A huge part of the book is actually learning Ruby. At times it was even frustrating b/c I wanted to learn something about Rails and I was running of pages. Most of the Ruby books I have read are really overwhelming. IMO you can do plenty with RoR and only know the key 20% features of the language.

So I recommend a solid Ruby intro book plus AWDWR. Rails Way is also very good but not for beginners.

Sean

Getting a job in Rails and them teaching you more as you go is always good too.

Specialize? That's hilarious. Someone who can't even teach themselves something as simple, well documented, and well commented as PHP should probably consider a career in something other than software development. Being a programmer means being able to solve problems, with teaching yourself new concepts, almost daily, being the very least of that set of problems.

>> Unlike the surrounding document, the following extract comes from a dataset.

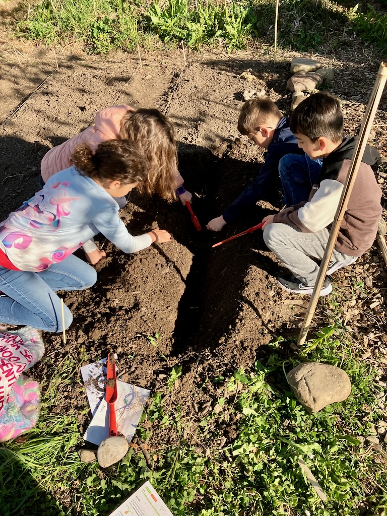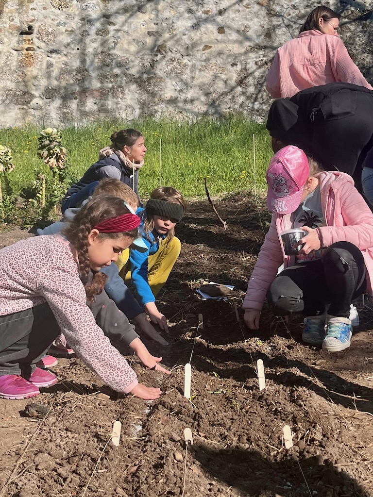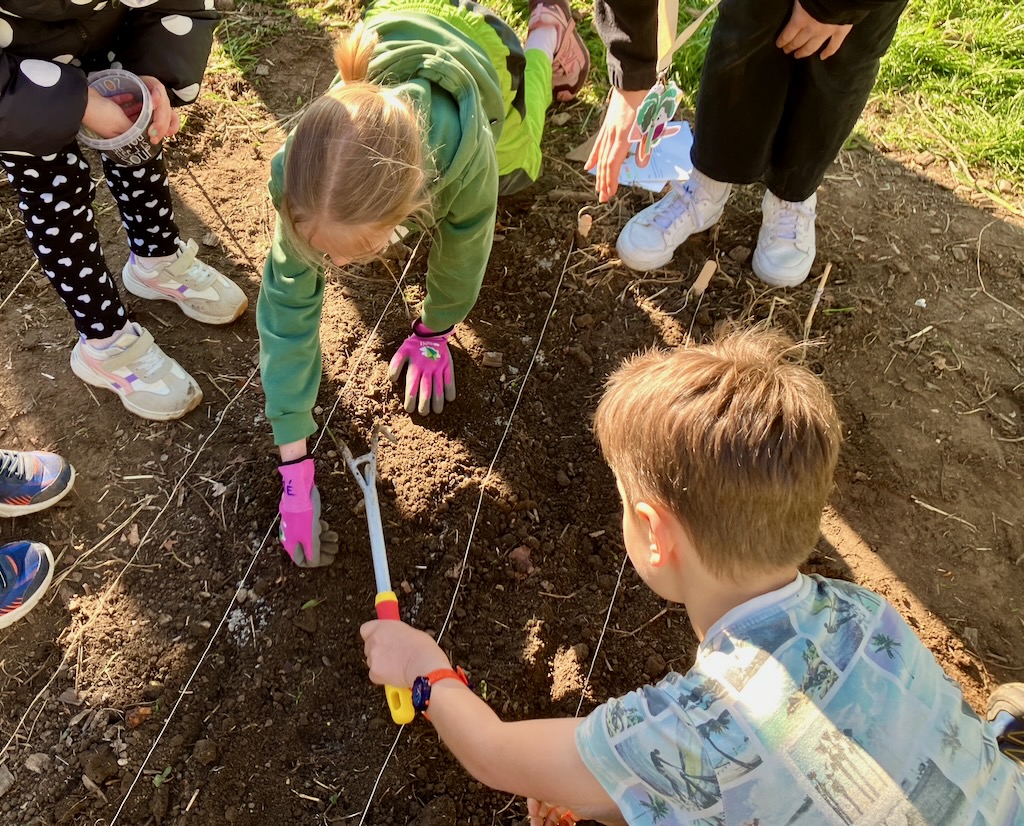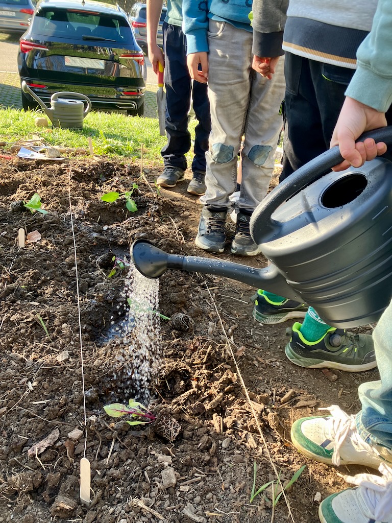 Mit grosser Begeisterung machten sich die Kinder unter der Anleitung der AckerCoachinnen an die Arbeit und schon bald waren so ziemlich alle Hände schmutzig. Gemeinsam wurden Setzlinge gepflanzt und sorgfältig in die vorbereiteten Beete gesetzt. Auch Samen wurden in die Erde gestreut – in der Hoffnung, schon bald die ersten grünen Spitzen zu entdecken.
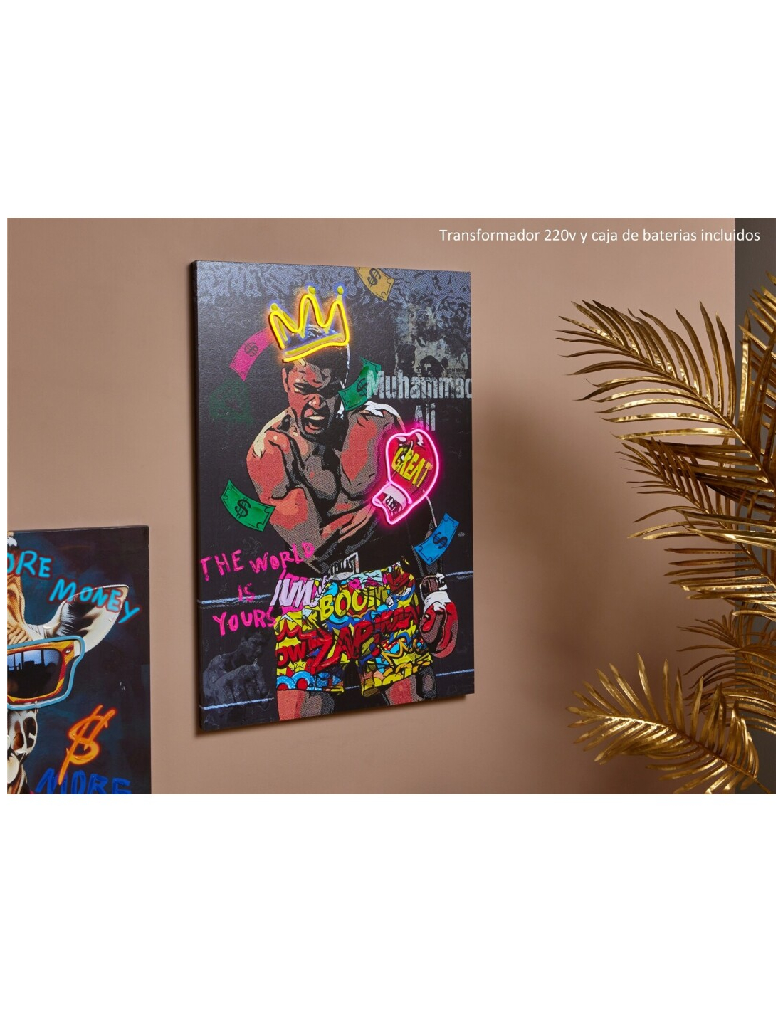 Lienzo impreso Pop Art boxeador 50% óleo con led, un cuadro impactante que rinde homenaje a los grandes íconos del boxeo en una fusión de arte y energía. El estilo gráfico y los detalles pintados al óleo se potencian con luces LED, que iluminan la composición y la convierten en una pieza cargada de carácter. Su diseño moderno con tipografías y colores intensos es ideal para espacios contemporáneos, aportando fuerza y personalidad en la decoración.

I think he meant hire PHP programmers and train them up in RoR.

Hi --

The first book I bought was Ruby for Rails by Black and as much as it is a good book, it was just over my head for someone that never touched either.

I'm glad someone mentioned this book. Its the first Rails book I read as well. I think this is the best book to learn a little introductory Ruby in the context of Rails. Its a poor book for learning Rails itself (AWDWR is much better for that) but its pretty good at teaching you Ruby without overwhelming you.

A huge part of the book is actually learning Ruby. At times it was even frustrating b/c I wanted to learn something about Rails and I was running of pages. Most of the Ruby books I have read are really overwhelming. IMO you can do plenty with RoR and only know the key 20% features of the language.

Do you know the other 80% thoroughly enough to be confident about that? :slight_smile:

BTW I agree with you that R4R isn't a Rails manual. I might word it differently than you did :slight_smile: But it definitely isn't supposed to be, and never was meant to be, anyone's one and only Rails guide. People have gotten lots of different mileage out of it but on the whole I get the impression that its sweet spot for a lot of people is as a second book. Or maybe a 1.5th book :slight_smile:

David

Do you know the other80% thoroughly enough to be confident about that? :slight_smile:

I guess I don't know what I don't know so its hard to say. :slight_smile: My point is only that while I constantly find myself learning more about Ruby each day, I am still very productive in Rails. IMO if you tried to pick up one of those massive Ruby language books (The Ruby Way in particular but also Pickaxe) then you could find yourself a little bit overwhelmed.

BTW I agree with you that R4R isn't a Rails manual. I might word it differently than you did :slight_smile: But it definitely isn't supposed to be, and never was meant to be, anyone's one and only Rails guide. People have gotten lots of different mileage out of it but on the whole I get the impression that its sweet spot for a lot of people is as a second book. Or maybe a 1.5th book :slight_smile:

I didn't suggest that it was supposed to be a complete guide to Rails. That's exactly why I'm recommending people buy your book to learn just the right amount of Ruby and then AWDWR to learn Rails in detail. I'm actually a fan of the book so hopefully that came across in my earlier post.